Jamais il n’aurait cru en être la première victime. Une aura de jade aveugla Mutika, qui plissa les yeux. Le toisant du même regard haineux qu’il arborait lorsqu’il se rêvait en meurtrier de Uril Utak, Tokri, les vêtements tâchés par le sang du Myô, s’élança vers son ami d’enfance, l’imaginant déjà en un amas de chair à ses pieds.
A mi-chemin, tout son corps fut foudroyé, le paralysant sur place. Il chuta lourdement au sol, sans comprendre ce qui lui arrivait. Le cerveau percé par milles aiguilles, l’Utak pestait contre la soudaine vulnérabilité de son corps. Pourquoi fallait-il que ses migraines le frappent en cet instant ? En temps normal, elles ne le saisissaient qu’en pleine nuit, lorsque le sommeil lui faisait baisser totalement sa garde.
Allongé dos au sol, la vue voilée de ténèbres, Tokri vit se détacher une silhouette familière au-dessus de lui. Enveloppé par un délicat arôme sucré, une réconfortante cascade de cheveux azur lui caressa le visage.

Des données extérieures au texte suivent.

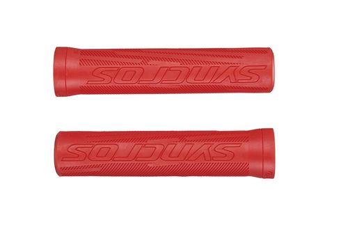 Chwyty-gripy SYNCROS PRO czerwone z unikalnej kompozycji materiałowej redukującej drgania i zapobiegającej drętwieniu dłoni. Trzymaj się pewnie roweru i utrzymuj pełną kontrolę.
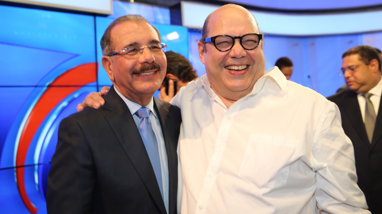 El presidente Danilo Medina comparte con el cantautor Víctor Víctor en el acto de inauguración de las nuevas instalaciones del Grupo SIN.
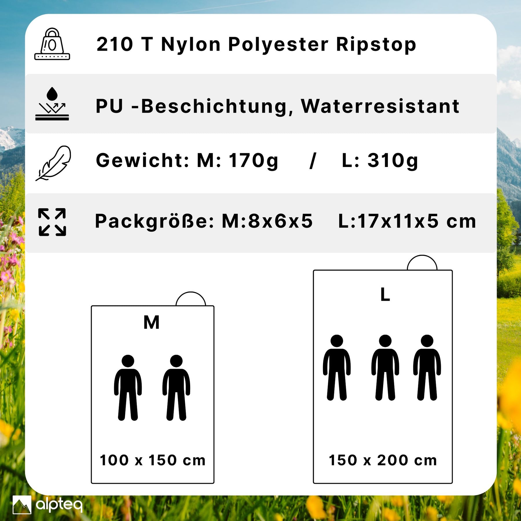 For picnics, camping, the beach, and festivals. Whether hiking, in the park, traveling, or at the lake – the Alpteq outdoor blanket is the ideal mat for two people. It can also be used as a seat, play mat, or temporary rain protection.

— Reste, gémit-il, la voix étranglée par la souffrance. Ne m’abandonne pas.
Les lèvres d’Izul fusionnèrent avec les siennes, en un goût d’adieu.
— Je suis désolée.
Telle une promesse, un second baiser lui fut accordé, avant qu’une douloureuse décharge ne lui pourfende les sens. La silhouette s’évanouit parmi les ombres, alors que la conscience du jeune homme s’éteignait peu à peu. Dépossédé de toute volonté de résister, une dernière larme roula le long de sa tempe avant qu’il ne se laisse engloutir.